We also compared the risk score with the StromalScore, ImmuneScore, and ESTIMATEScore. The StromalScore, ImmuneScore, and ESTIMATEScore were calculated based on the expressions of mRNAs. In the training set, the AUC values of the StromalScore, ImmuneScore, and ESTIMATEScore for predicting recurrence of liver cancer were 0.5581, 0.5599, and 0.5643, respectively, and 0.5923, 0.5942 and 0.5948 in the validation set, respectively (Supplementary Figure S5A–F). This indicated that the risk score proposed in our study had better performance in predicting the recurrence of liver cancer compared to StromalScore, ImmuneScore, and ESTIMATEScore.

Correlation Between Risk Score and Immune Cells

The previous analysis results showed that the recurrence of liver cancer after surgery was significantly associated with the expression of immune cells. Furthermore, to confirm the relationship between the risk of recurrence and immune infiltration, we performed correlation analysis between the recurrence risk score estimated using the previously established risk assessment model and immune cells. In the training cohort, B cell naive, B cell, T cell CD4⁺ memory resting, and T cell CD4⁺ expression levels were significantly negatively correlated with the risk score (Figures 6A–D). The negative association between these immune cells and the risk score was also verified in the validation cohort (Figures 6E–H). The results demonstrated the validity of the risk score predicted by the 18-mRNA model and further confirmed the negative association between these four immune cells and postoperative recurrence of liver cancer.

FIGURE 6

FIGURE 6. Correlation between risk scores and immune cells.Correlation between risk score and (A) B cell naive (B) B cell (C) T cell CD4⁺ memory resting (D) T cell CD4⁺ in the training data. Correlation between risk score and (E) B cell naive (F) B cell (G) T cell CD4⁺ memory resting (H) T cell CD4⁺ in the validation data. For convenience of display, the risk score is subtracted from the median and magnified 10 times to obtain the modified risk score. *p < 0.05, **p < 0.01 and ***p < 0.001.
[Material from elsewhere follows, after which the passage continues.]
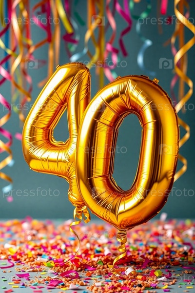 Гелийный день рождения шарик формы номер сорок, золотые буквы фигура 40 праздник праздничный фон декор
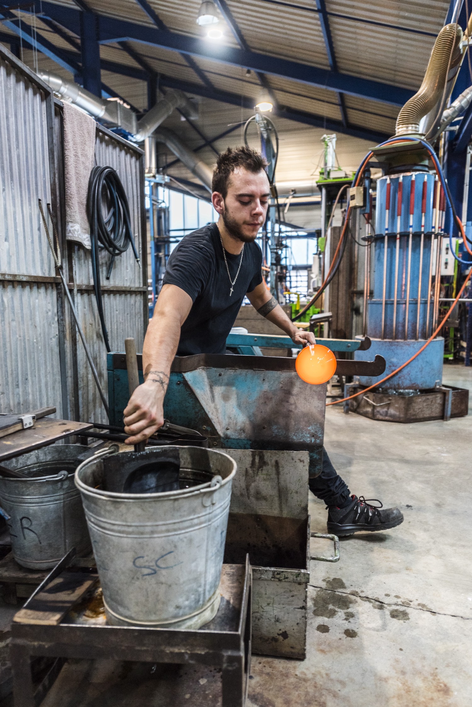 The blown glass technique is attributed to the Phoenicians or Babylonians in the 1st century BC, with the invention of the blowing cane. The equipment of the glass craftsmen hardly evolved from Antiquity to the 18th century. It includes the cane, the pontil (an iron or steel rod used to secure the glass part from the bottom), metal irons and scissors, fireclay molds and crucibles, pallets, and mallets. Though it appears rudimentary, the manipulation of the equipment requires high mastery.

Prognostic Analysis Using the Risk Scores in the Training and Validation Sets

To improve the clinical prognostic significance of the risk score, we then grouped patients by risk score and performed Kaplan-Meier survival analysis. X-tile software was used to obtain the best truncation value, and patients in the training cohort were divided into low-risk and high-risk groups (Figures 7A, B). We observed a significant difference in overall survival (OS) between the low-risk and high-risk groups in the training cohort (p = 0.0235) (Figure 7C). Similarly, in the validation cohort, there was a significant difference in the prognosis between the high- and low-risk groups classified by the X-tile software (p = 0.0097) (Figures 7D–F). The results indicated that risk score had good prognostic value for liver cancer patients.

FIGURE 7

FIGURE 7. Prognostic analysis using the risk scores in the training and validation sets. Optimal cutoff value of the risk score divided by X-tile software in the training data (A, B) (C) Kaplan-Meier curve of the two groups divided by the cutoff value in the training data. The optimal cutoff value of the risk score was divided by the X-tile software in the validation data (D, E) (F) Kaplan-Meier curve of the two groups divided by the cutoff value in the validation data. *p < 0.05, **p < 0.01 and ***p < 0.001.
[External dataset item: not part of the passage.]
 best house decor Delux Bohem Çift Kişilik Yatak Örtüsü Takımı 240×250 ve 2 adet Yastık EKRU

Univariate and Multivariate Analyses of the mRNA Signature Prognostic Abilities

To verify the prognostic value of the 18-mRNA signature independently from the clinicopathological characteristics, we performed Cox univariate and multivariate analyses that included 18-mRNA risk score, age, sex, histologic grade, and TNM stage as co-variables in the training and validation cohorts. In univariate and multivariate analyses of the training cohort, TMN stage was found to be related to OS (Supplementary Figure S6A–B). However, in univariate and multivariate analyses of the validation cohort, the TMN stage was no longer significantly correlated with OS, and the risk score was a significant variable related to OS (Supplementary Figure S6C–D). HR values of the risk score were significant but not high, which was not perfect in clinical prognosis prediction. In addition, histologic grade and TMN stage appeared to have high but not significant HR values, which may be due to excessive standard errors of the variables. (Katz and Hauck, 1993).

Discussion

In this study, we constructed a risk scoring model with 18 mRNAs to predict post-hepatectomy recurrence of liver cancer. The 18 mRNAs were LOC644135, ELN, GULP1, ENSG00000248635, GPM6A, PI15, SGPP2, TMEM200C, CDH3, SELP, CCBE1, IGLV1-44, IGLV2-11, IGLL5, IGHV3-23, IGHV5-51, IGHG2, and CD79A.The risk assessment model could accurately distinguish between low- and high-risk samples for the recurrence of liver cancer after resection, with good prognostic performance. The identified 18 mRNAs also had good predictive performance in liver cancer samples caused by different etiologies. B cell naive, B cell, T cell CD4⁺ memory resting, and T cell CD4⁺ were significantly different in recurrence versus non-recurrence liver cancer samples and were found to be negatively correlated with the risk scores predicted by the constructed model by correlation analysis.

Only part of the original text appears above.